Major health risk as farm crisis grows

Special report: foot and mouth

Kamal Ahmed, political editor
Sunday April 15, 2001
The Observer

A package of emergency government measures to control the foot and mouth crisis will expose people to the potential risk of infection by the human form of mad cow disease, The Observer can reveal.

Under new guidelines to relax the rules governing the disposal of carcasses, the Ministry of Agriculture, Fisheries and Food has told Britain's waste industry that it must use landfill sites across the country to dispose of cattle which might be infected with bovine spongiform encephalopathy (BSE).

As the Government battled yesterday to stop a political backlash over its handling of the issue, representatives of companies that operate landfill sites demanded 'unlimited indemnity' from the Government in case the infective prion which causes BSE in cattle escapes and causes human variant Creutzfeldt-Jakob disease in humans.

The companies fear they will be liable to law suits running into billions of pounds if the source of any new outbreak of human variant CJD is traced back to them. 'It would be a public health disaster,' said one senior source in the industry.

The move reveals the increasing concern over the public health implications of burying and burning hundreds of thousands of animal carcasses. On Friday the Government abandoned the burying of thousands of cattle at Hallburn aerodrome in Cumbria after locals complained of choking smoke, and grease-laden ash covering their houses.

The Government's Cobra task force met in emergency session yesterday and officials launched a rearguard action to stop the slaughter policy spiralling out of control. On Friday Agriculture Minister Nick Brown admitted that the Government was being overwhelmed by the number of livestock which needed to be slaughtered and then disposed of. Yesterday figures revealed that 408,000 carcasses were lying in fields waiting to be buried or burnt, and that more than 500,000 were awaiting slaughter.

William Hague, the leader of the Opposition, said that it was time for the Army to be put in operational control of the epidemic as Maff was clearly failing to cope. 'The speed of the slaughter process still needs to be speeded up further,' he said. 'In about 40 per cent of foot and mouth outbreaks, the animals aren't being slaughtered within 24 hours.'

But a letter obtained by The Observer, written by one of Britain's leading experts on waste disposal, reveals high levels of concern about the public health implications of the new policy.

The letter, written by Dirk Hazell, head of the Environmental Services Association which represents landfill companies, says: 'We are extremely concerned at any pressure exerted on our members to receive carcasses of cattle at landfill.

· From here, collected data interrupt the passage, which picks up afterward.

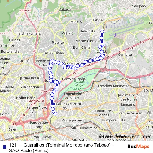 Click here to view the nearest 121 - Guarulhos (Terminal Metropolitano Taboao) - SAO Paulo (Penha) bus stop.
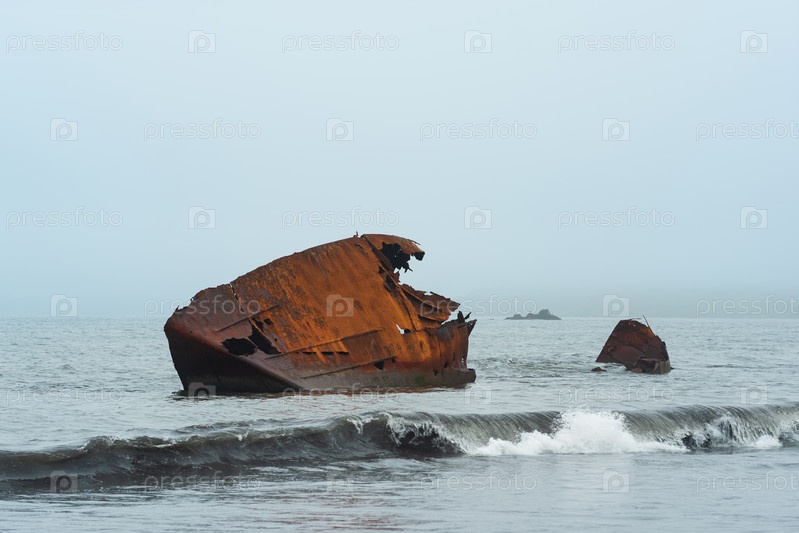 Старое кораблекрушение, фрагменты корабля, выброшенного на берег на фоне туманного морского пейзажа
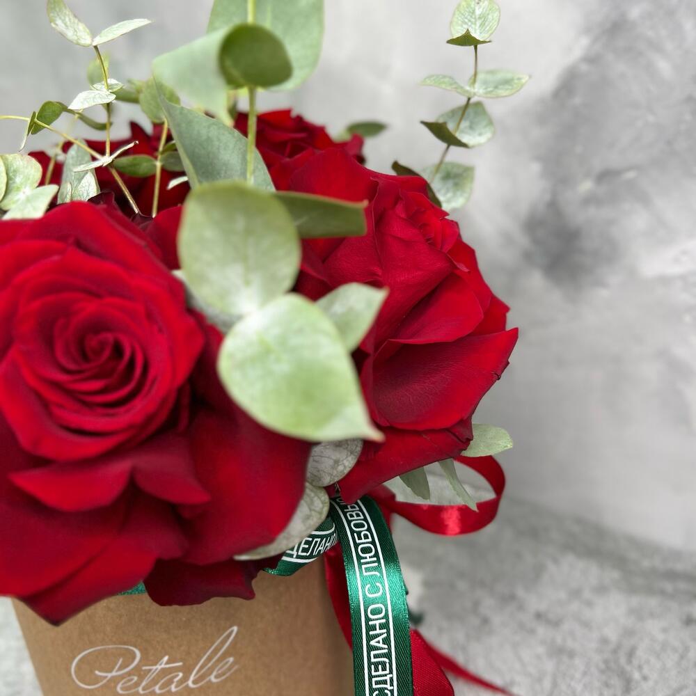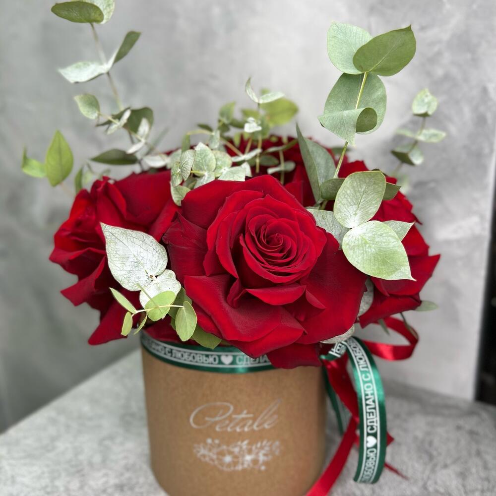 Эвкалипт – 3 шт.Роза Эквадор – 5 шт.Лента атласная – 2 шт.Коробка шляпная – 1 шт.Оазис флористический – 1 шт.
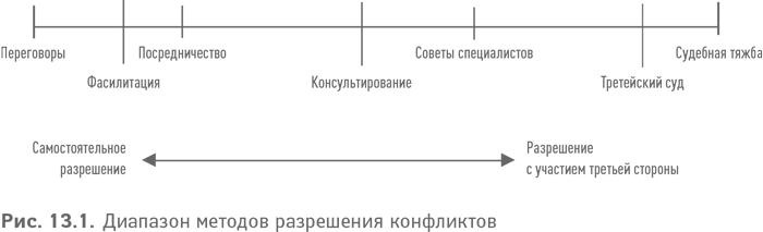 Методы разрешения конфликтов варьируются от переговоров до судебных процессов[68]. Методы, расположенные на диаграмме слева (рис. 13.1), отличаются высочайшей степенью самостоятельности всех вовлеченных лиц. Сторонние участники оказывают большее влияние, если партнеры прибегают к методам, расположенным на диаграмме справа; крайнее их проявление – полная зависимость конечного результата от судьи или арбитра.
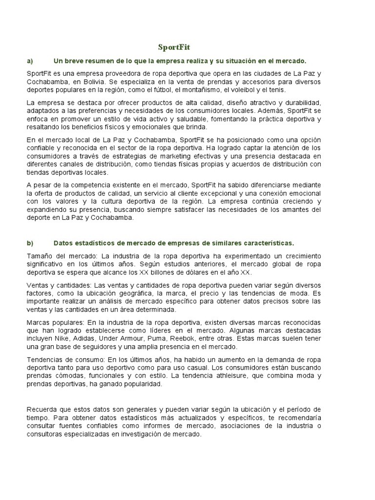 SportFit es una empresa proveedora de ropa deportiva que opera en las ciudades de La Paz y
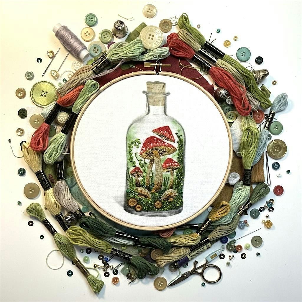 You'll be provided with all the materials and tuition to create your beautiful Mystical Mushrooms embroidery (with access to the bar to relax while you do it!) all you need to bring is your imagination!
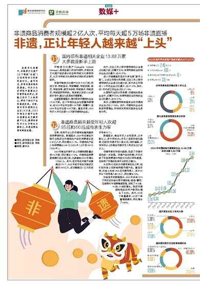 在数字化浪潮中,非物质文化遗产(以下简称“非遗”)正迎来传承与创新的新时代。春节将至,多项非遗体验热度暴涨。作为文化多样性中最富活力的重要组成部分,其魅力吸引了大批受众,带动了相关产业的高速发展。目前,国内有非遗相关企业近14万家,2023年淘宝天猫平台的非遗商品成交额突破千亿元,微博抖音快手小红书等社交媒体上,非遗话题也拥有超级流量。
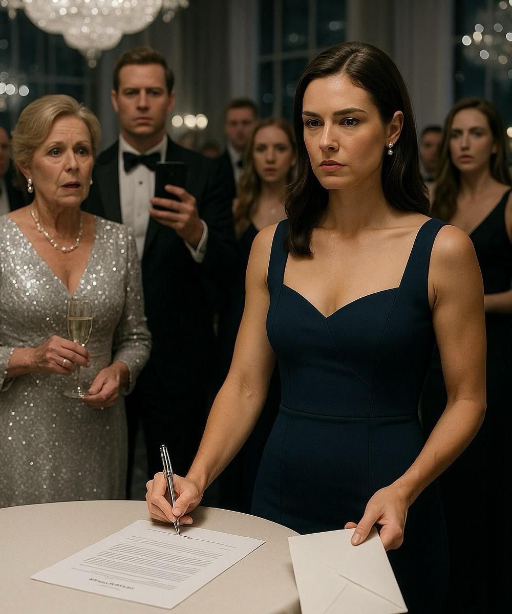 The ballroom shimmered with gold that night, its chandeliers casting a warm, deceptive glow over laughter and champagne. My husband’s family filled the long
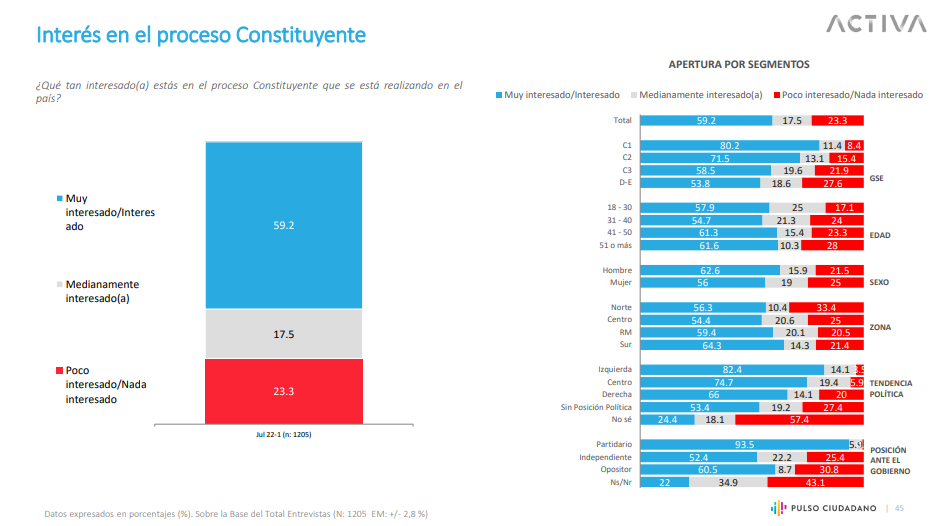 El estudio muestra que un 59,2% de la población está muy interesado/interesado en el Proceso Constituyente que está viviendo el país, un 23,3% está nada/poco interesado y un 17,5% medianamente interesado.
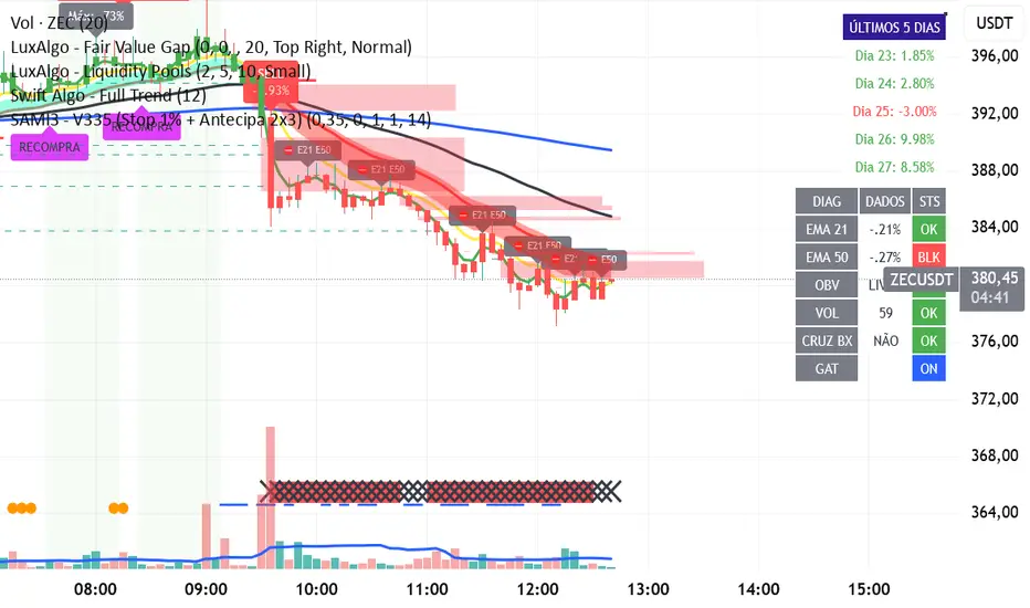 This cloud shows the EMAs; when it's a sell, it turns red, and when it's a buy, it turns green, showing buy and sell signals. Be careful, as the script is just an indicator; it will cause losses if used for automated trading."
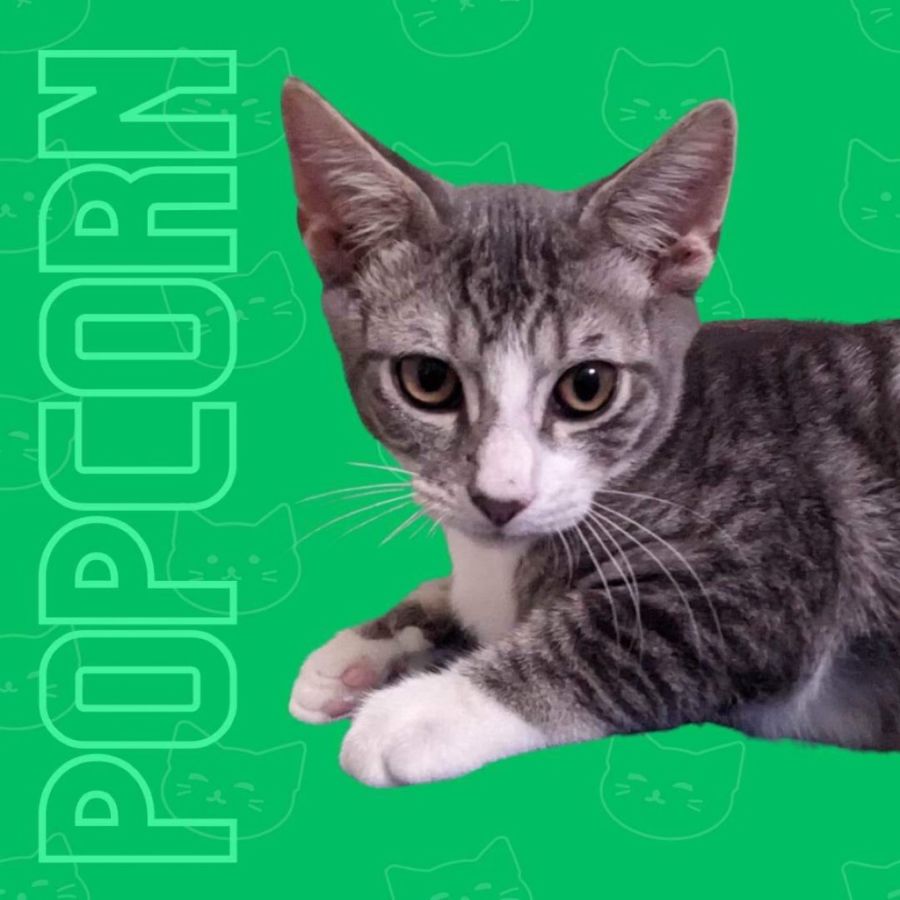 Popcorn is a gorgeous male kitten who was found wandering around Morayfield in January 2023. He is now living in a loving foster care home, where he has been settling in and getting used to the good life! Popcorn loves his food and cuddles, and enjoys play time with other cats.
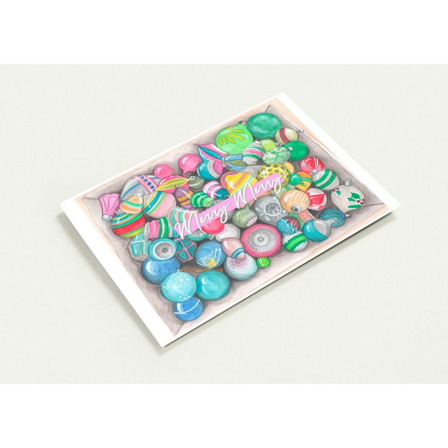Spread joy this holiday season with our Vintage Christmas Tree Ornaments Greeting Cards. Featuring an original painting of vintage ornaments in a box adorned with the cheerful phrase 'MERRY MERRY', these personalized folded cards (pack of 10) are perfect for sending warm wishes to friends and family. The inside is blank, allowing for your heartfelt messages. Choose from premium paper options including glossy coated silk, perfect for vibrant images, or luxurious matte for an elegant touch. With high-quality, eco-friendly paper options (350gsm coated silk or 300/350gsm matte), you can enjoy sustainability without sacrificing quality. The stylish rounded corners and elegant foil accents in gold, silver, or copper elevate the sophistication of your cards. Envelope options include no envelope, standard, or premium for added variety. Make your seasonal greetings special—order your pack today!

'Until the outbreak of foot and mouth disease, cattle carcasses over 30 months old were being sent to prescribed outlets (high temperature incineration). We are extremely concerned as to the known resilience and potential toxicity of the BSE prion. The high risk associated with the prion means that much greater caution must be exercised than with the foot and mouth virus which is much less resilient and does not damage human health.

'The order of magnitude in the difference between the prion and the virus is similar to that between Alzheimer's disease and athlete's foot.

'It was not considered safe before the outbreak to landfill carcasses of cattle aged between 30 months and 60 months and we must emphatically insist that our members must have a watertight, permanent and comprehensive indemnity.'

In Northern Ireland a cull of 4,000 cattle was ordered after the province suffered its second case of foot and mouth disease, six weeks after the first case and several weeks after Government controls were supposed to have halted the spread of the disease to new areas.

Northern Ireland Agriculture Minister, Brid Rodgers, confirmed that an emergency meeting of the Northern Ireland Executive would be held tomorrow to discuss the fresh outbreak. 'It goes without saying that this is a huge setback for our agriculture industry,' he said.

The outbreak, on a farm in Ardboe, Co Tyrone, reveals that the disease can lie dormant for weeks, or that it can be carried on the wind across large distances from the British mainland.

Maff is so concerned about a public backlash on the issue of human health that it has started offering families complaining of the smell of rotting carcasses in north Devon temporary accommodation.